For Forex Traders; Four Benefits Leveraged From Liquidity Access Offered By Wholesale Prime Forex Brokers

Prime brokerage involves larger financial institutions that conduct transactions with hedge funds and with other similarly larger institutions. Most seasoned Forex traders now prefer employing the services of Prime brokers due to the promise of direct access to multiple liquidity providers coupled with the highest quality in execution. It is however important to note that prime brokerages do not allow clients to have individual accounts, leaving traders with only one option; the creation of a proprietary trading conglomerate. Such a solution is beneficial to a trader who is after the best conditions that protect those trading in margin liabilities. The following are benefits professional Forex traders can leverage from the wholesale liquidity access offered by prime Forex brokers:

  1. Lower Transactional Cost

With trader access to Forex liquidity being limited to only one retail Forex brokerage firm, random unexpected costs are not a surprise. This can happen to a trader who had earlier been promised lower spreads. However, spreads are not the only factor to be considered when trading. Prime brokerage accounts offer advanced order execution that is usually offered at the finest prices available. This simply means that can improve their returns, especially if they choose the best liquidity source for their transactions.

  1. Offer Of Institutional Spreads That Are Tighter

Prime brokers only typically deal with institutions and for this reason they do not have a fixed number of employees. They also do not have costs that are fixed, which they have to cater for again in order to service a huge number of customers. Additionally, Prime brokers have an inducement to ensure there is as much trading as there possibly can be from their clients considering they are a liquidity source that is neutral. This allows them to offer institutional spreads to their customers with spreads 2-3 PIPs tighter than those offered by retail accounts. This is a win-win situation because the tighter (lower cost-basis) spreads that the clients enjoy also benefit the Prime brokers in terms of higher profits.
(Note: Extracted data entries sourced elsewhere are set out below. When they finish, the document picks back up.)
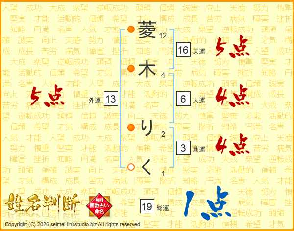 菱木りくさんの総運は19画の1点!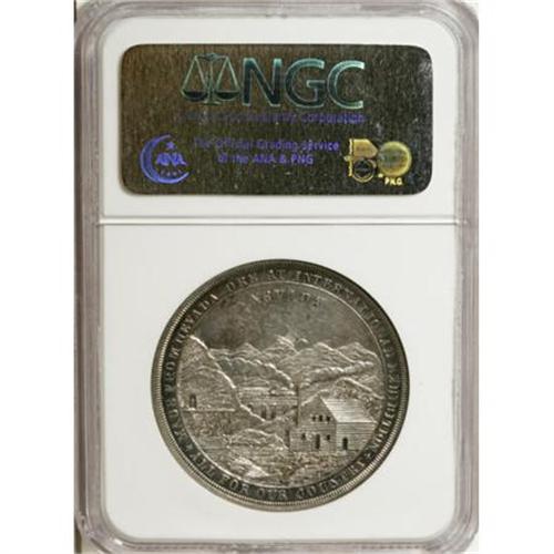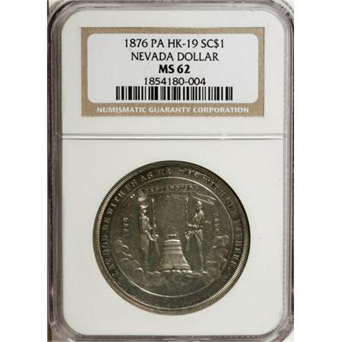 <B>1876 Nevada Silver, HK-19, MS62 NGC.</B></I> Silver, 38.1 mm, "rare" in HK. A lustrous Mint State piece, fairly prooflike and with a touch of gold toning on the obverse rim. Apparently physics was not Chief Engraver William Barber's strong suit. In the mining scene on the reverse, steam from a train blows in one direction, while smoke from a nearby chimney blows in the opposite direction. A nice example of this elusive issue, seldom seen in higher grade. Census: 5 in 62, 3 finer (8/07).<BR><BR><b>Shipping:</b> Coins & Currency (<a target="_blank" href="http://www.heritageauctions.com/common/shipping.php">view shipping information</a>)
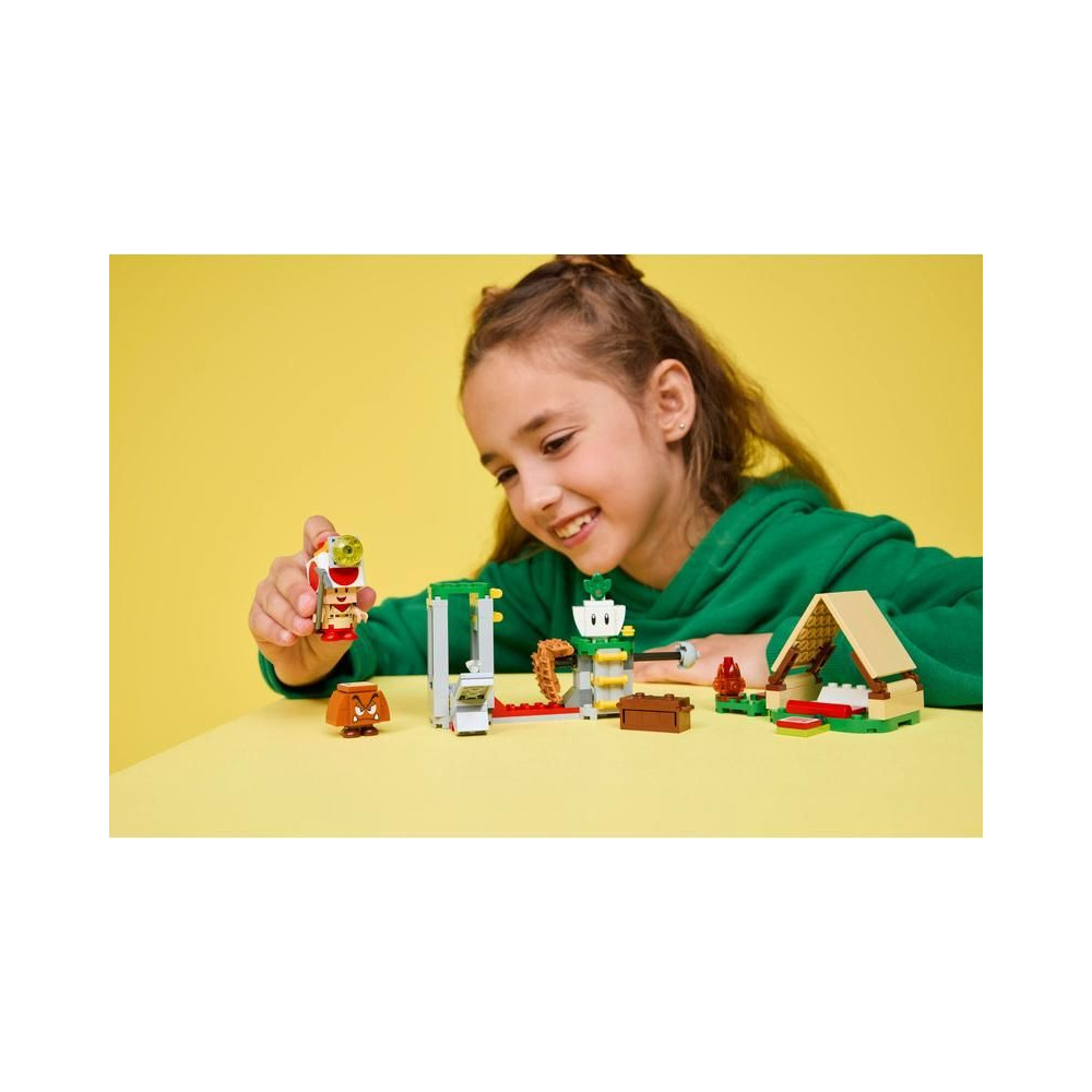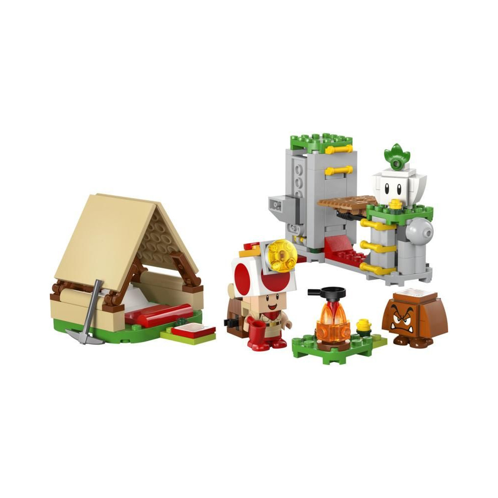 - LEGO® Super Mario™ szórakoztató készlet gyerekeknek – Játssz rengeteget Toad kapitánnyal és táborával, építs téglasátrat és tábortüzet, kincsre vadássz, lerombolj egy hidat, győzd le az ellenségeket és még sok minden mást!

  1. A Profound Market Depth Experience

With the use of a Prime broker as an intermediary, a trader is assured of access to a number of liquidity providers found in the Foreign Exchange Market. Through access to multiple liquidity providers, a trader is able to place large volume orders and trade with ease. Even when there is low liquidity there are always other liquidity providers readily available. This greatly reduces the risk of making losses that the transactions might encounter during trading.

  1. Better Execution Of Orders

The Foreign Exchange Market is better known for its volatility, which directly leads to fluctuation of currencies. Prime brokers enjoy access to a number of liquidity providers. This means that this improves the execution rates especially when elemental news announcements are made or when the market becomes volatile.

During such times, retail Forex brokers with no sufficient access to liquidity providers are usually forced to widen their spreads, re-quote or in some instances reject orders of clients that are on the right side of the Foreign Exchange Market. This is because any execution of orders on the client’s requested price, without offsetting the risk to the interbank market at a better price, would portend massive losses for the broker.